Judgment under consideration

Judgment: “Wedge, the AI-native competitor that just announced a free tier, is not a real threat to our self-serve launch - they will run out of funding before they convert enough free users to matter, so we should proceed with our launch plan unchanged.”
Original confidence: High (the exec team put it around 80%).
Why an unknowns audit fits here: This is a one-off competitive read built from a thin, coherent slice of evidence - one funding rumor, a slick launch page, and the team’s prior that AI-native startups burn fast. There is no clean reference class for “will THIS specific competitor’s free tier beat ours,” the call is consequential (it sets whether Northwind’s launch plan changes), and the 80% feels driven as much by a tidy story as by evidence actually held.
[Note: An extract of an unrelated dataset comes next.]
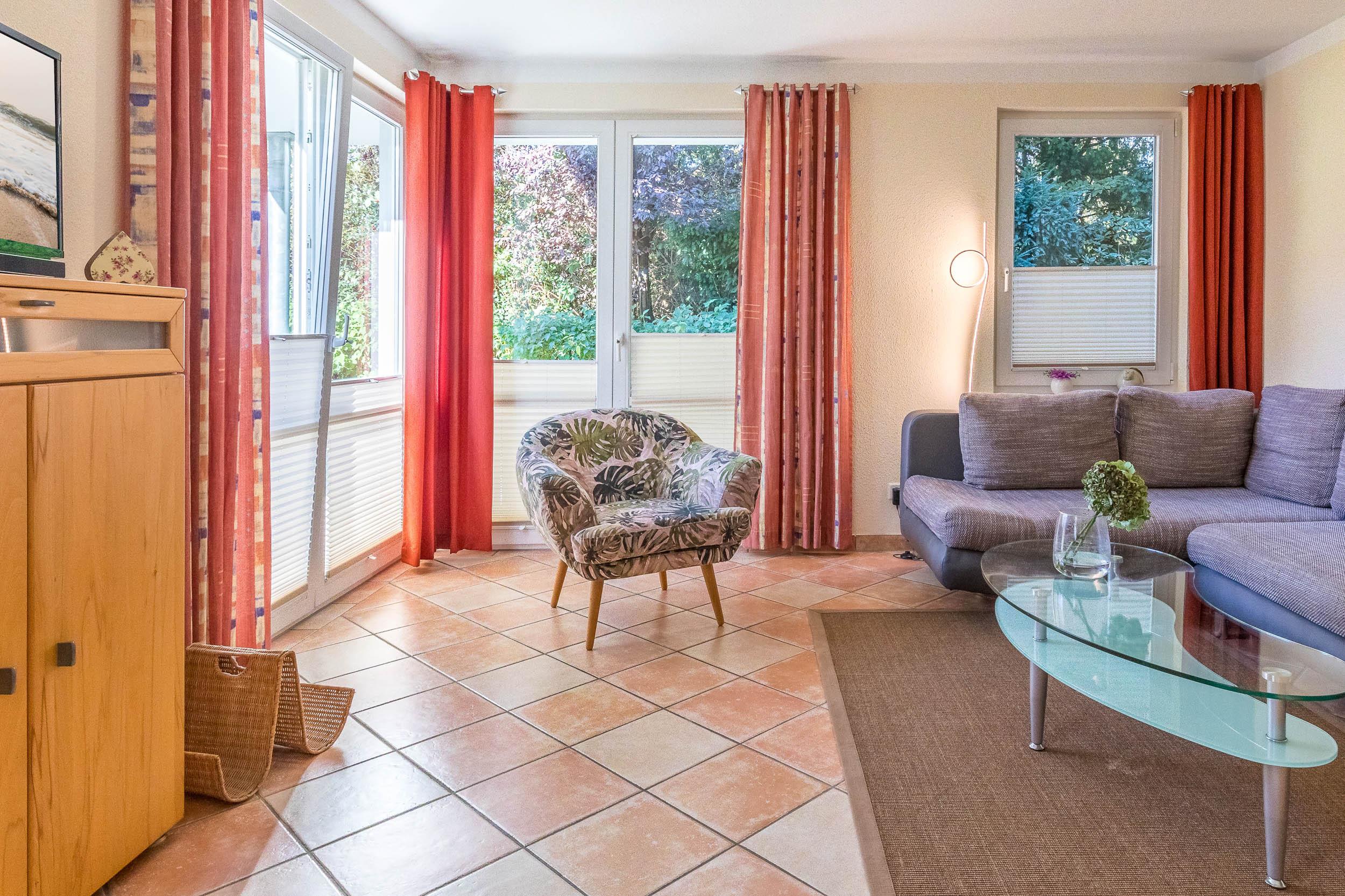 Sie verfügt über einen großzügig geschnittenen Wohnbereich mit gemütlicher Sofalandschaft und einem direkten Zugang auf die möblierte, etwas sichtgeschützte Nordwest/ Nordost-Eckterrasse. Es besteht die Möglichkeit, auf der ausziehbaren Schlafcouch im Wohnzimmer eine Person unterzubringen. SAT-TV, DVD-Player, Musikanlage sowie diverse Gesellschaftsspiele sorgen hier für Ihre Unterhaltung.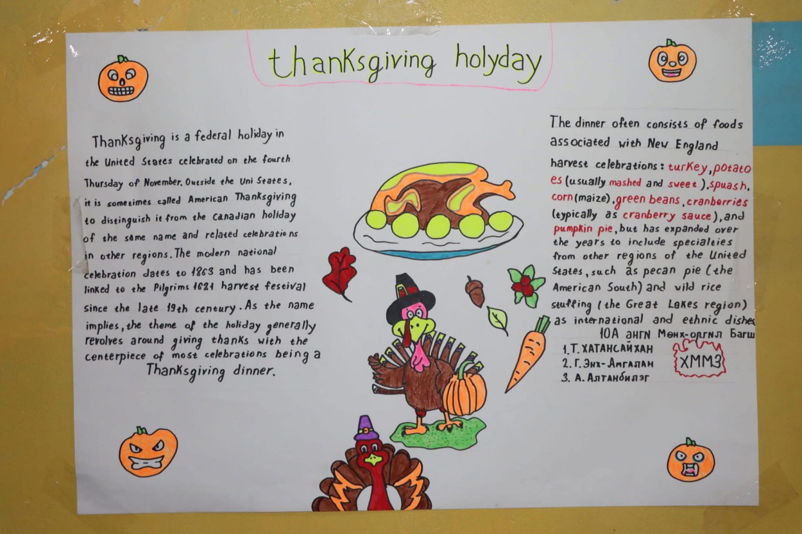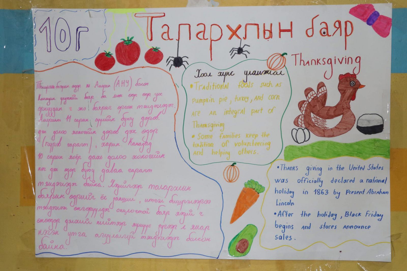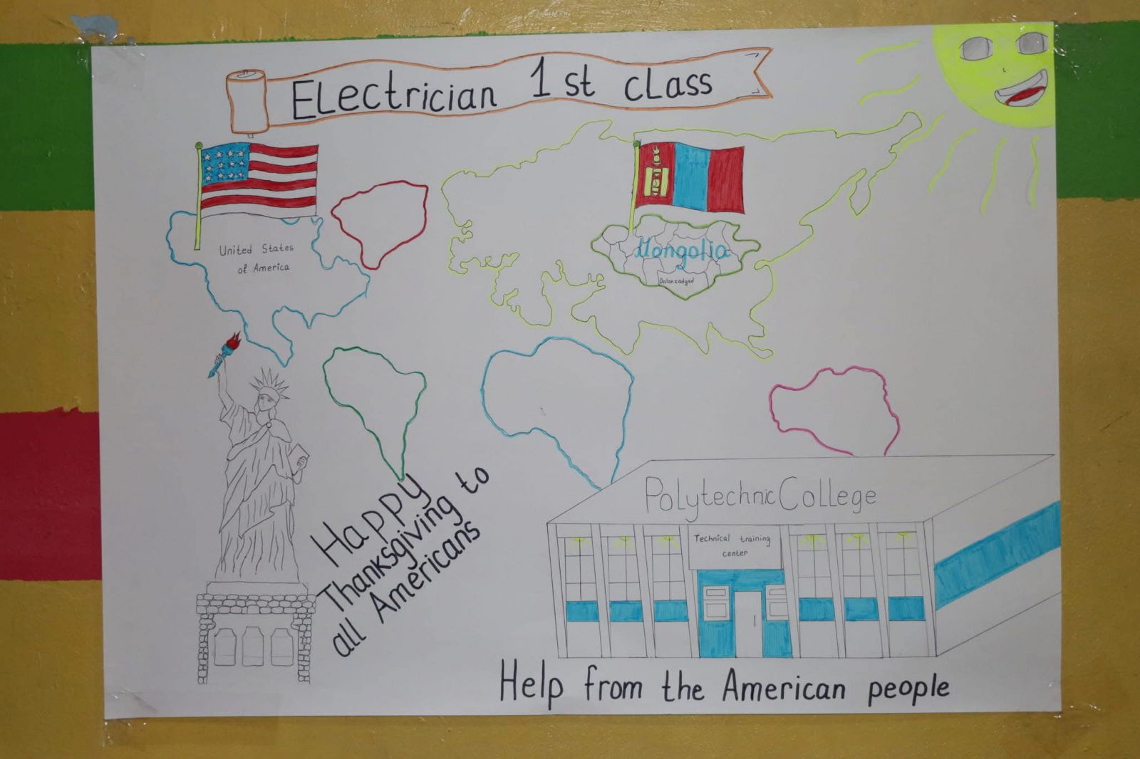 ШУТИС-ын Өмнөговь аймаг дахь Технологийн дээд сургуулийн харьяа Политехник коллежид АНУ-Фулбрайтын Англи хэлний туслах багш хөтөлбөрийн хүрээнд ажиллаж буй багш Kavenik Nathanael , Англи хэлний багш нартай хамтран "Happy thanksgiving" баярыг 1-р ангийн сурагчидтай хамтран зохион байгууллаа.

Classic omission-neglect setup.

Wall check (confirmed before building the ledger)

No genuine reference class exists - “this named competitor’s free-tier outcome” is a single case, not a base-rate class. (A reference-class read of “free-tier B2B startups that survive 24 months” would be a useful SEPARATE input, but it does not answer the specific threat read.)
Not an interval-width task - this is a discrete competitive judgment, not a numeric estimate with a stated range.
The unknowns are NOT all cheap to resolve - some (Wedge’s runway, their conversion curve) are partly obtainable; the decisive ones are not.
The judge is plausibly OVERconfident, not underconfident - 80% on a story-driven read is the target case.
Consequential and not trivially reversible - changing or not changing the launch plan is a real bet.

The unknowns

The relevant variables that bear on the “Wedge is not a real threat” judgment but are not in hand.
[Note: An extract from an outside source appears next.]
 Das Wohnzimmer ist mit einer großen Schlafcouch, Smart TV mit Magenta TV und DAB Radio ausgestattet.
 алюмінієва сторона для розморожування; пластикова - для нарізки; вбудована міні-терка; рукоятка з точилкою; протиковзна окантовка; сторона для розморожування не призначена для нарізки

Unknown variable	Bearing (how much it would move the call)	Obtainability (resolvable, at what cost / unobservable)	Resolve before committing?
Wedge’s actual runway and burn rate	High - the entire judgment rests on “they run out of funding first”	Partly resolvable - approximate via headcount, recent raise filings, hiring pace; exact numbers are private	Yes - this is the load-bearing assumption and it is partly knowable
Wedge’s free-to-paid conversion rate and activation curve	High - a high conversion rate flips “won’t convert enough to matter”	Mostly unobservable - private; only inferable later from public traction signals	No (cannot resolve now) - becomes an irreducible unknown the confidence must absorb
Whether Wedge’s AI-native product does a job our workflow does NOT	High - if it solves a different, larger job, funding math is the wrong lens entirely	Resolvable - hands-on trial of their free tier, win/loss notes, customer interviews	Yes - cheap and decisive
Our own free-tier conversion rate at launch (unlaunched, so unknown)	High - “they won’t convert enough” implicitly assumes WE will; we have no data either	Resolvable only by launching or by a small pilot; not knowable pre-launch	Partial - run a limited pilot rather than assume
Whether a well-funded incumbent backs or acquires Wedge	High - removes the funding constraint the whole read depends on	Unobservable - depends on third-party intent	No - irreducible
Switching costs and lock-in for buyers choosing between us and Wedge	Medium - shapes how fast either free tier compounds	Resolvable - customer and prospect interviews	Yes - feeds the read and is cheap
Wedge’s geographic / segment focus vs ours	Medium - they may not contest our core segment at all	Resolvable - their site, job posts, customer logos	Yes - cheap
Macro funding climate over the next 12 months	Low-medium - shifts the base rate of “startups run out of money”	Partly resolvable - public market signals; coarse	No - too coarse to move this specific read

Resolve-before-committing list (high bearing AND resolvable): (1) Triangulate Wedge’s runway from headcount, filings, and hiring pace; (2) actually trial Wedge’s free tier and run win/loss interviews to learn whether it does a DIFFERENT job; (3) run a limited free-tier pilot of our own to get a real conversion signal rather than assuming one; (4) interview prospects on switching costs and segment overlap. These four are obtainable in days-to-weeks and each could move the call.
Irreducible unknowns (high bearing but unobservable): Wedge’s private conversion curve, and whether a deep-pocketed incumbent backs or buys them. No amount of work closes these now; they are the uncertainty the confidence has to honestly carry.

Re-rated confidence

Re-rated confidence: Medium - roughly 50-55%, pending the four resolve-first items.
Delta from original: Down from ~80% to ~50-55% (a large drop).
Reason the delta is this size: The original 80% rested almost entirely on ONE unknown treated as known - “they will run out of funding first” - while three other high-bearing variables (whether Wedge does a different job, what their conversion curve is, what OUR conversion will actually be) were never in the frame at all. The drop is large precisely because so much of the confidence was the comfort of a coherent story rather than evidence held. Note the selectivity: the parts of the read that ARE well-grounded (Northwind’s existing distribution and brand in its core segment) are not discounted - the audit cuts the confidence that came from omission, not the confidence that came from evidence. If the four resolve-first items come back favorable, confidence can rise again on a firmer basis; if they come back unfavorable, the launch plan should change, which is exactly the decision this ledger protects.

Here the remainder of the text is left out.